Nous avons la tristesse d’apprendre le décès de Jean Carrier, dont nous avons publié en 2001 Les Contes Vrais de l’Entre-deux-Mers et de la Benauge, bel ouvrage illustré de photographies de Jean-Luc Chapin qui avait remarquablement su capter et rendre toute la matière de ces contes, comme le formidable talent du conteur.
Jean Carrier était depuis très longtemps une “figure” emblématique de l’Entre-deux-Mers et, à sa manière, il en a été l’un de ses meilleurs connaisseurs. Ayant, très jeune, cotoyé des érudits locaux comme Henri Redeuil qui l’initièrent à la spéléologie, l’histoire et l’archéologie, et d’autres fortes personnalités encore qui avaient formé son goût et ses jugements, Jean Carrier – et c’est l’un des traits marquants de sa personnalité – s’intéressa du plus jeune âge jusqu’à son décès, à près de 90 ans, à tous les facettes de la connaissance.
Ce viticulteur de la Benauge, ce rationaliste laïc, lecteur assidu du Canard enchaîné, mais qui était également attiré par les mystères de la nature et de l’homme – tout jeune, le spiritisme, si prégnant en Targonnais l’avait profondément marqué – , montra toute sa vie – et c’était la première chose qui frappait quand on le rencontrait – la plus vive curiosité, notamment à propos de toutes les nouveautés, notamment techniques.
Ainsi, à plus de soixante ans, et après avoir longtemps goûté aux joies de l’aviation pour voir du ciel ce qui ne se peut quand on a le nez au ras du sol, il pratiqua assidument l’ULM – et dans les années 80-90 le ciel fut sa seconde demeure. Féru de photographie, il passa aussi une grande partie de son temps libre à photographier, avec toutes sortes d’appareils, tous les événements de sa région, puis avec sa petite caméra à les filmer.

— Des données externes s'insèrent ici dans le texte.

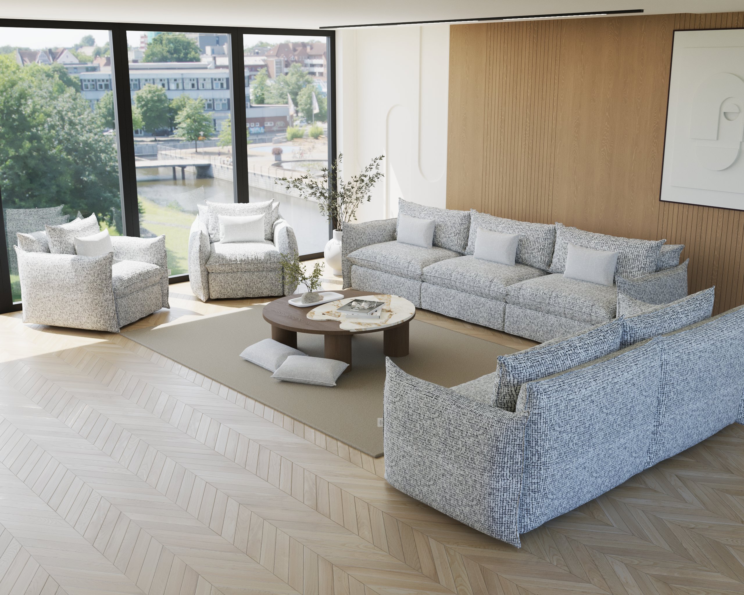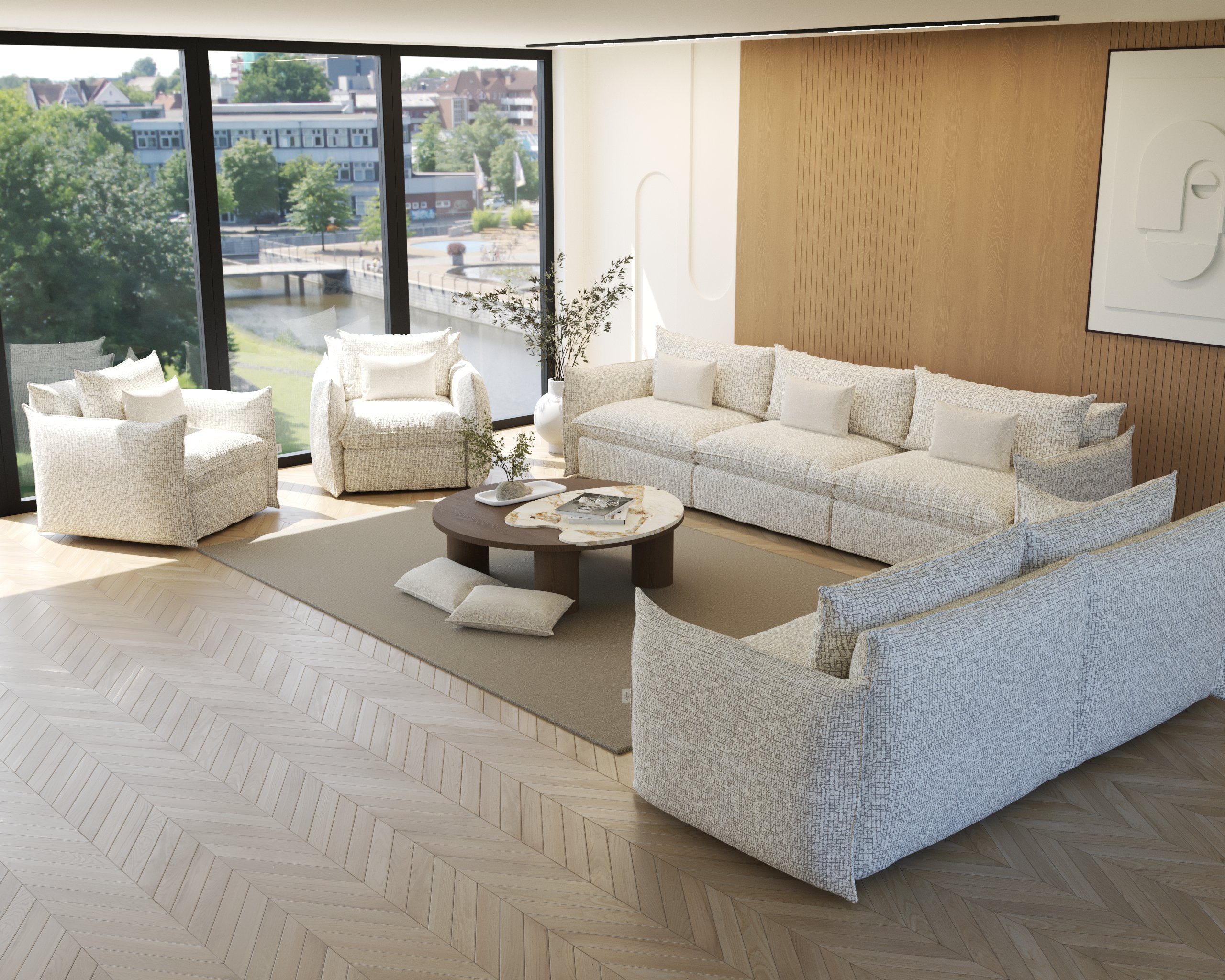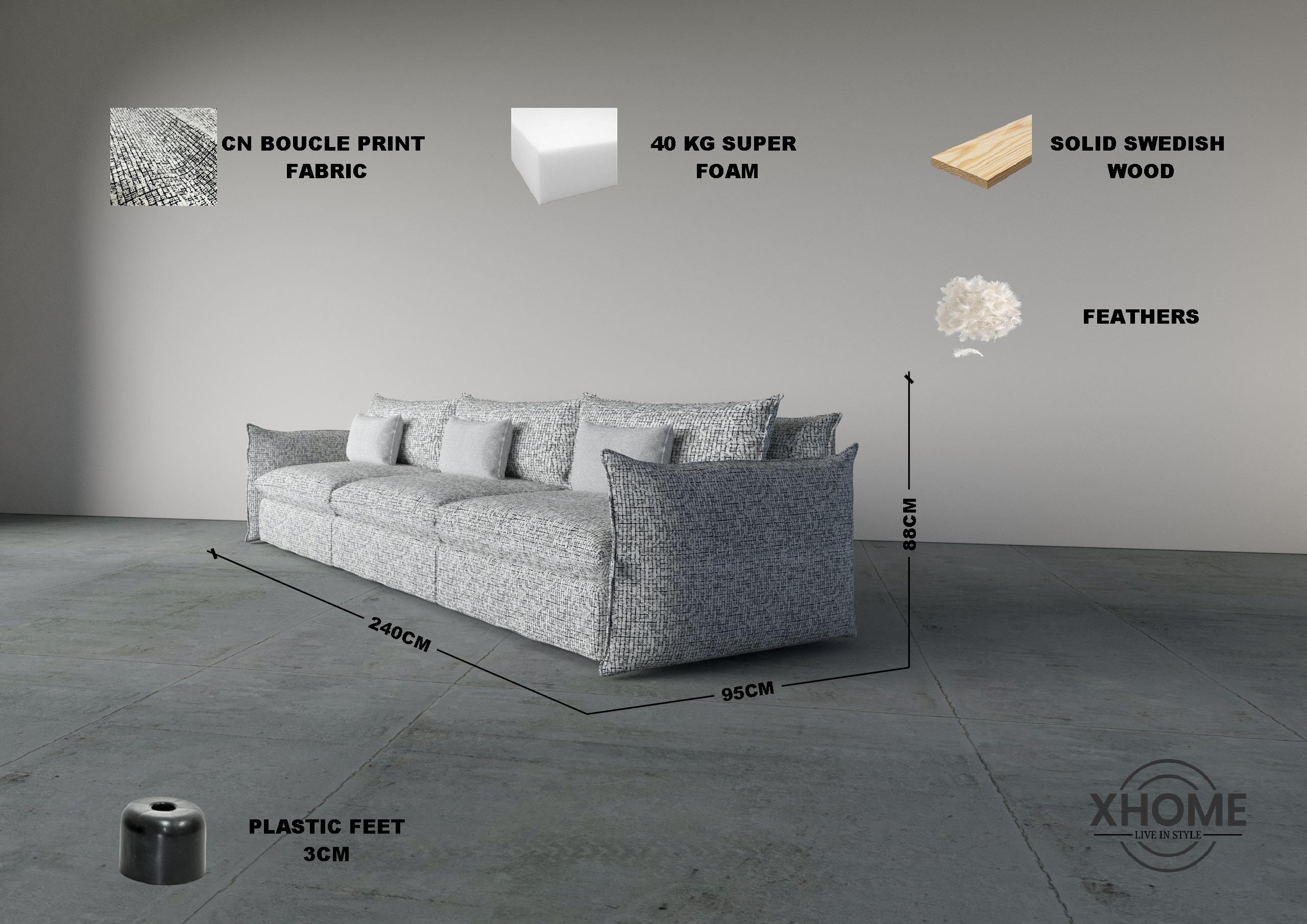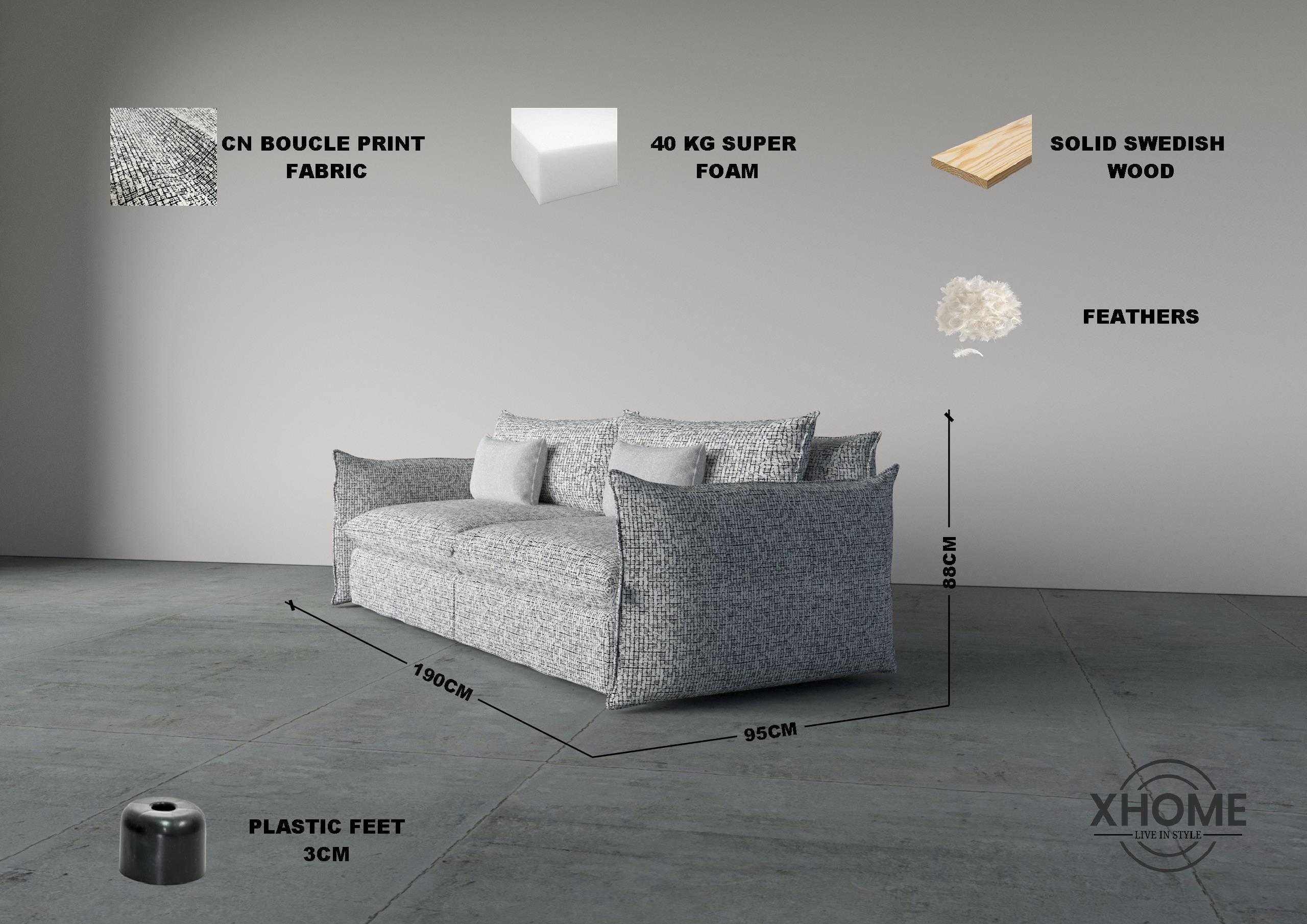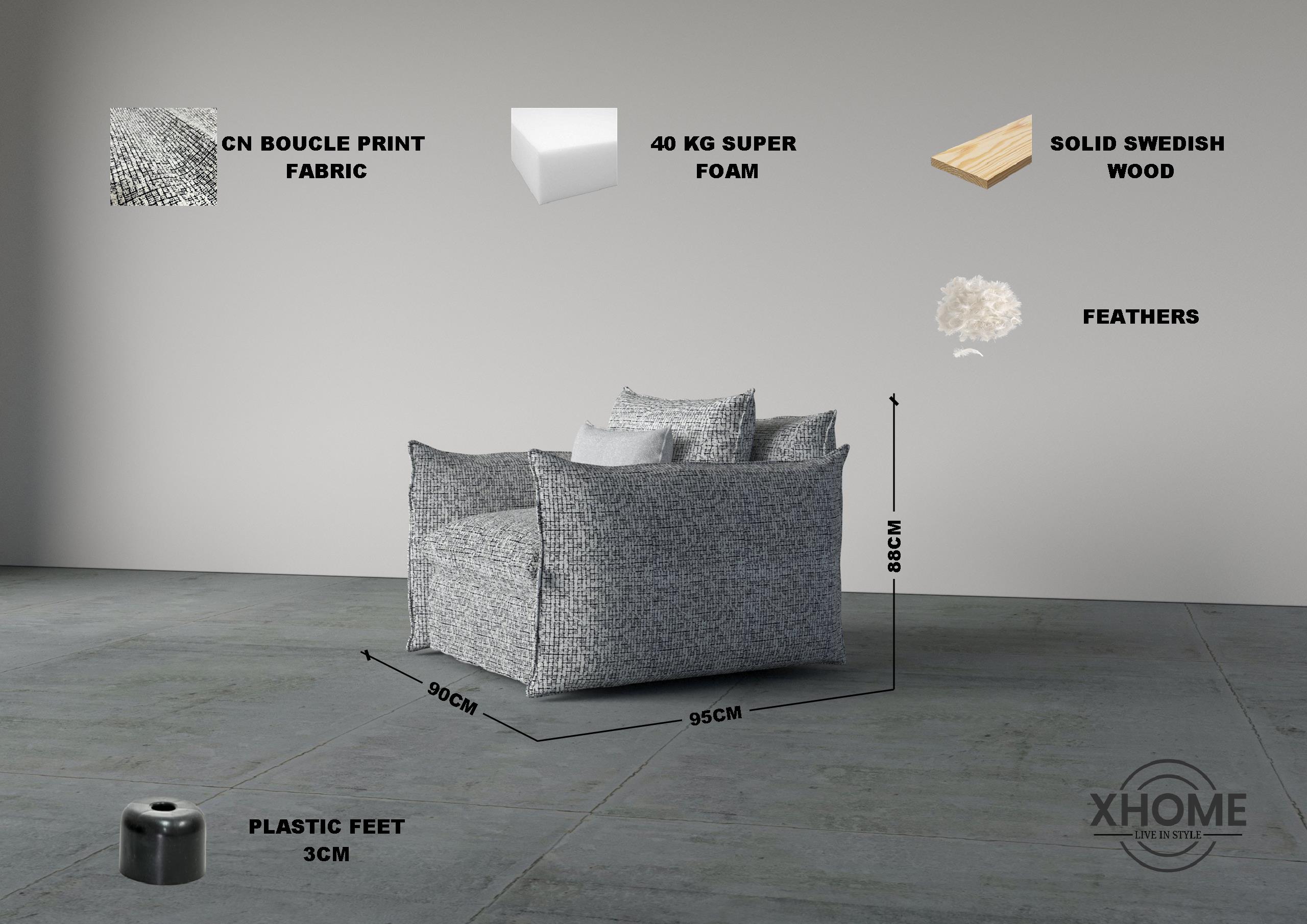 The Embrace Sofa Set includes Two Single Seater, Two Seater, and Three Seater, thoughtfully designed to work harmoniously as a complete seating ensemble. Each piece features plush cushioning supported by high-density foam and feather-filled back cushions for enhanced comfort. The sturdy internal structure ensures durability, while the soft upholstery delivers a relaxed seating experience. Ideal for both intimate and spacious interiors, the set balances comfort, functionality, and modern appeal.

Il enregistrait également tout ce qu’il pouvait et sa pratique de l’occitan – le marché de Cadillac était un rendez-vous hebdomadaire qu’il n’aurait manqué pour rien au monde – le poussa dans la voie du recueil des contes et des récits populaires.
Habitant Soulignac, au coeur de cette Benauge rurale et secrète qu’il aimait et possédait sur le bout des doigts, il avait, enfant, connu les veillées et les fêtes où l’on se transmettait, en les enjolivant et les transformant à chaque génération, ces “contes vrais” qu’il transmit à son tour en se faisant volontiers conteur – et quel conteur !  Sa voix à la fois rauque et trainante, son visage taillé et coiffé dru, son oeil, tantôt acéré tantôt coquin, sa gestuelle imagée en avaient fait un conteur hors pair.
Et c’était là, en plus de son inépuisable curiosité, l’autre aspect remarquable de la personnalité de Jean : son amour du partage et de la relation humaine, son goût de l’autre avec qui on va parler, discuter, parfois vivement si l’interlocuteur penche trop à son goût du côté des prêches moralisateurs ou des curés prédicateurs, mais toujours avec ce mélange de finesse et de faconde qui était sa marque de fabrique, avec aussi sa bonne humeur et son optimisme communicatifs. Jean Carrier a animé plusieurs années durant, sur radio Bordeaux Gironde, une émission où il racontait la Benauge, sa Benauge, son terroir, ses hommes et ses contes. Ces “contes vrais” que nous avons eu le bonheur de publier après des mois de rencontres et d’enregistrements. Pour la gueille de bonde qui a un jour scellé notre amitié, nous te redisons encore, Jeannot, combien tu vas nous manquer.